W-FIVE has also learned there is a third unsolved murder that is also being investigated with Greenidge as a possible suspect. In 1980, another male was found dumped in the woods along a secluded road in the town of Markham. Similar in stature to the 1960s victims, he was also found bound, but this time police found a red and pink high-heeled shoe, a powder pack and jeans; ladies clothing that lead police to believe the victim may have been a cross-dresser. Decomposition of the remains suggested he could have been killed three years earlier.
Greenidge was charged with manslaughter and attempted murder in 1967 and sentenced to ten years in prison. He was in jail from 1968 until 1977, when he was transferred to a minimum-security facility and allowed passes to spend weekends out of prison.
Checking parole records, York Regional Police Detective Doug Clarke, who is investigating the Markham case, discovered that Greenridge was free on about a dozen unescorted weekend passes between 1977 and 1978, the same time when police believe the later Markham victim was murdered. Greenridge's alibi was that he was in downtown Toronto visiting a friend while on his unescorted passes. Yet, when police interviewed his friend, he stated that Greenridge had only visited once.
Parole denied
One murder and an attempted murder, for which James Greenridge was convicted, and three unsolved homicides - and all the victims were found in the farm belt north of Toronto. Police theorize these crimes are linked and could be the work of a serial killer.
The man they most suspect, James Greenidge, is back in prison, a place he has spent most of his adult life. He is now serving a life sentence for the 1981 rape and murder of a 24-year-old Vancouver woman, Elizabeth Fells. It is Greenridge's second conviction for murder, but he could be free again. His current conviction allowed him to seek parole after 25 years and that has police worried.
Detective Clarke considers Greenridge a dangerous offender and argues that he should never be released, but concedes: "That'll be up to the Parole Board."
In its first review of Greenridge's sentence, the Parole Board decision obtained by W-FIVE, noted a lifelong pattern of violent crime: "You have a lengthy history of sexually related violence which started when you were merely 16 ... You have offended against males females ... one 13-year-old boy and a 15-year-old girl. Your violence has escalated with every offence," said the decision, which rejected his application. But the violent killer is free to apply again.

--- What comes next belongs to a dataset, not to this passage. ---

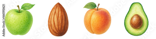 apple, almond, apricot, avocado, watercolor, fruit, green, fresh, healthy, natural, organic, sweet, ripe, seed, leaf, snack, vegetarian, vegan, earth, day, food, nourishment, diet, vitamin, dessert, juicy, summer, harvest, raw, wholesome, closeup, isolated, single, plant, eating, wellness, energy, fiber

Meantime, the Ontario Police believe a sadistic killer may be getting away with murder. They are desperate for clues that could be the key to three unsolved homicides in Ontario and are once again appealing to the public for any information. They hope new clues will not only help them solve those killings, but may help identify the two young men whose skeletal remains are stored in the morgue, bringing closure to families, like Dickie Hovey's, who are still wondering what happened to their loved ones after many decades.